> _WHAT THIS TASK INVOLVES_:
After locating the line that holds "Stencil cut iron", repeat it and each following line exactly until the material ends, skipping pictures.

> _THE INPUT_:

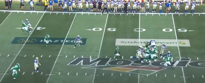 Saskatchewan’s offense drove the ball down to Winnipeg’s 22-yard line before Brett Lauther made a 30-yard field goal for a 14-0 lead with 13:36 left. On Winnipeg’s next possession, the offense woke up. Zach Collaros threw a couple of passes, while Brady Oliveira had two carries for eight yards.
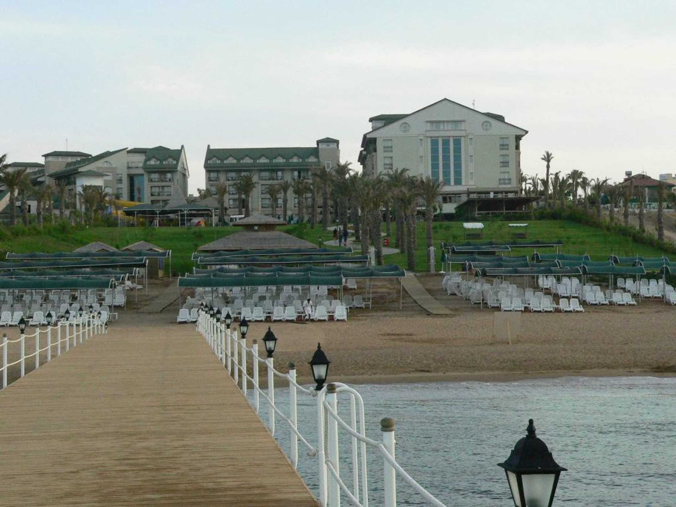 Amara Beach ResortBlick vom Steg auf das Hotel.
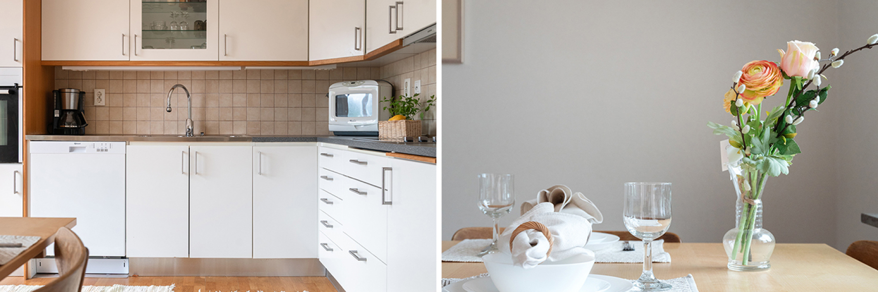 Vardagsrummet vetter åt framsidan och är trevligt och social planerat med fönster i burspråk. Köket ligger mot innergården och har en balkongdörr till det trivsamma uterummet. Köksinredning från Vedum. Köksskåpen är ljusa och bänkskivan av grå laminat. Ovanför bänkskivan sitter ljus kakel. Köket är utrustat med kombinerad kyl och frys, inbyggnadsugn med varmluft, spishäll, fläkt och diskmaskin. Köksinredningen går hela vägen upp till taket. Praktiskt och lättskött.
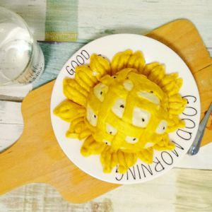 弄好后再点上黑芝麻装饰。一个向日葵馒头就好啦。
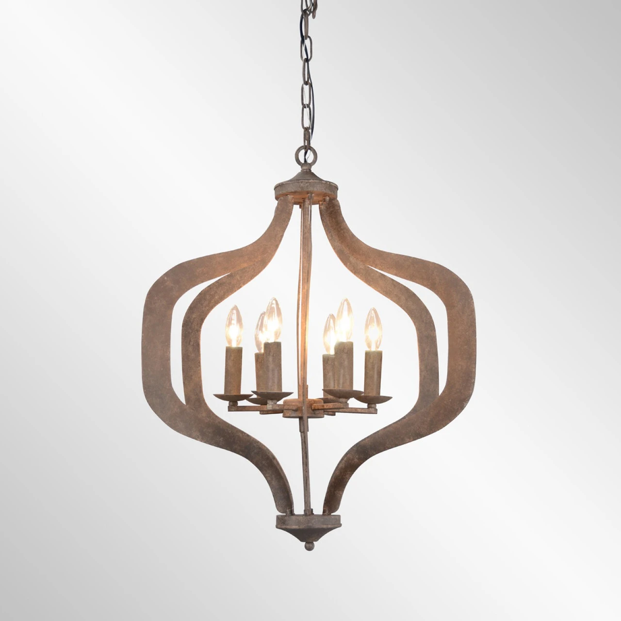Stencil cut iron creates a candelabra-style chandelier holding six bulbs. With its worn finish and classic simplicity, this piece brightens any space with an antique look that transcends trends to be timelessly elegant. Bulbs not included.
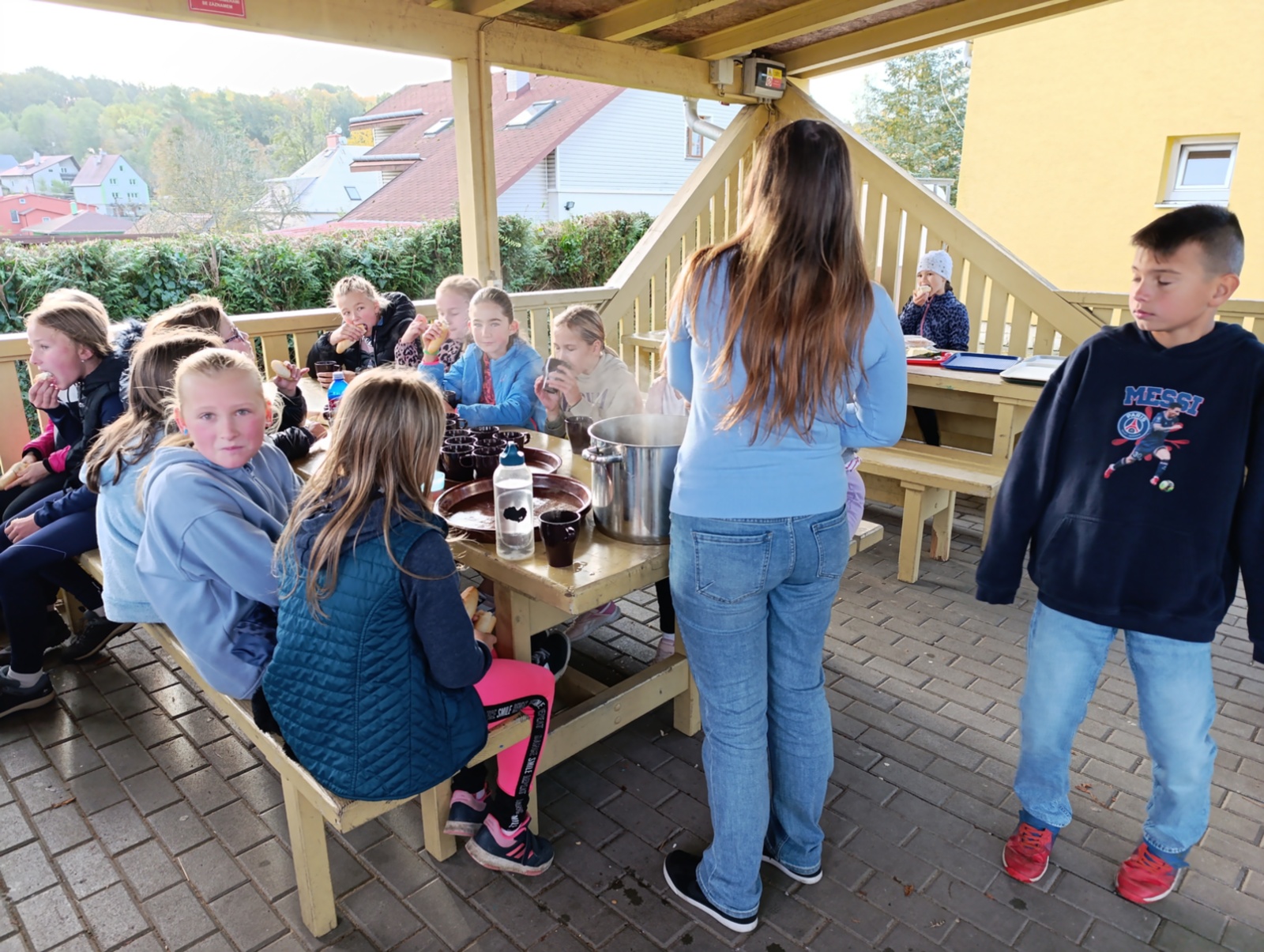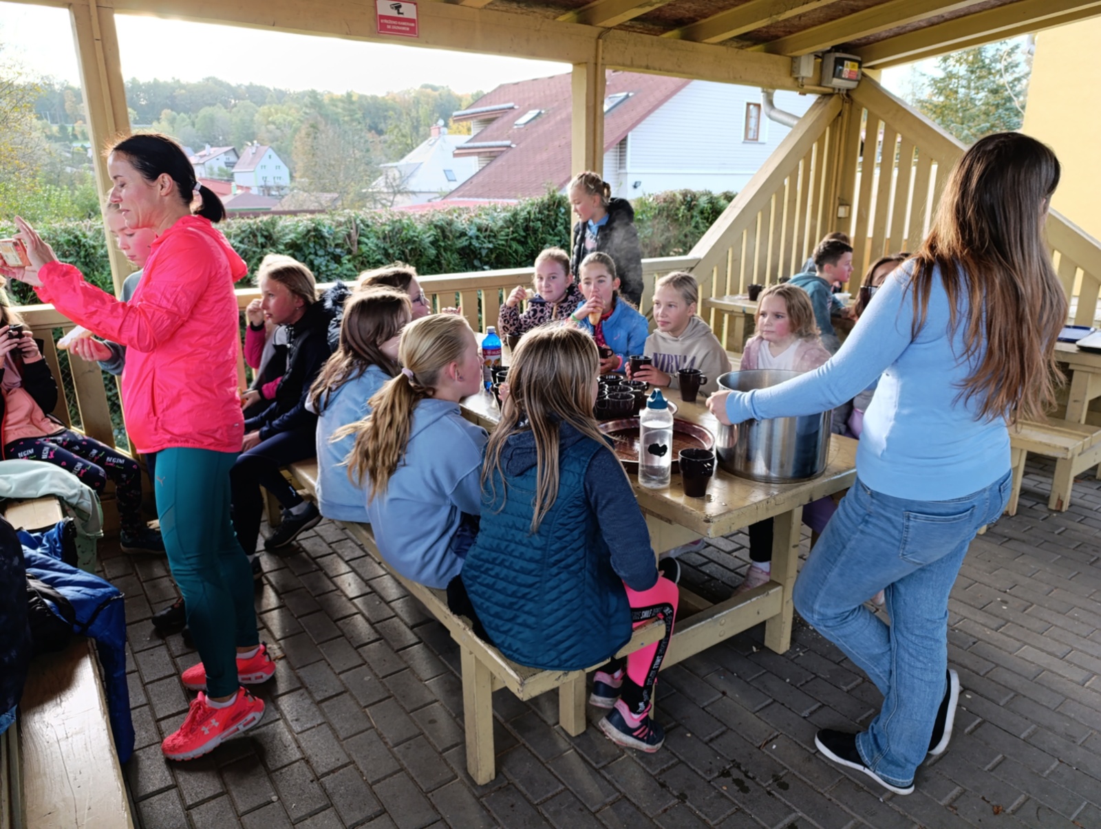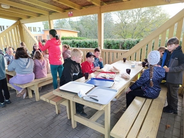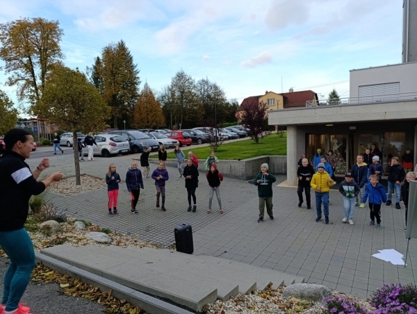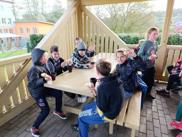 Krásné podzimní počasí jsme využili k cestě do školy pěšky, na kole nebo koloběžce. Ráno jsme se zahřáli rozcvičkou před školou a zapsali jsme si vzdálenost, kterou jsme ušli cestou do školy. Spočítali jsme, kolik máme koupit rohlíků ke snídani a hurá na cestu! Ti zdatnější si dali s paní učitelkou běžeckou trasu. Ti, kteří si tolik nevěřili (i když určitě zbytečně), se vydali pěším okruhem do obchodu pro snídani. Sešli jsme se na hřišti u školní družiny. Po vydané energii nám přišly vhod vlastoručně namazané rohlíky a teplý čaj, který nám připravila paní školnice. Ráno jsme si užili, vylepšili jsme svoji fyzickou kondici a ještě šetřili životní prostředí.

> _RESULT_:
Stencil cut iron creates a candelabra-style chandelier holding six bulbs. With its worn finish and classic simplicity, this piece brightens any space with an antique look that transcends trends to be timelessly elegant. Bulbs not included.
 Krásné podzimní počasí jsme využili k cestě do školy pěšky, na kole nebo koloběžce. Ráno jsme se zahřáli rozcvičkou před školou a zapsali jsme si vzdálenost, kterou jsme ušli cestou do školy. Spočítali jsme, kolik máme koupit rohlíků ke snídani a hurá na cestu! Ti zdatnější si dali s paní učitelkou běžeckou trasu. Ti, kteří si tolik nevěřili (i když určitě zbytečně), se vydali pěším okruhem do obchodu pro snídani. Sešli jsme se na hřišti u školní družiny. Po vydané energii nám přišly vhod vlastoručně namazané rohlíky a teplý čaj, který nám připravila paní školnice. Ráno jsme si užili, vylepšili jsme svoji fyzickou kondici a ještě šetřili životní prostředí.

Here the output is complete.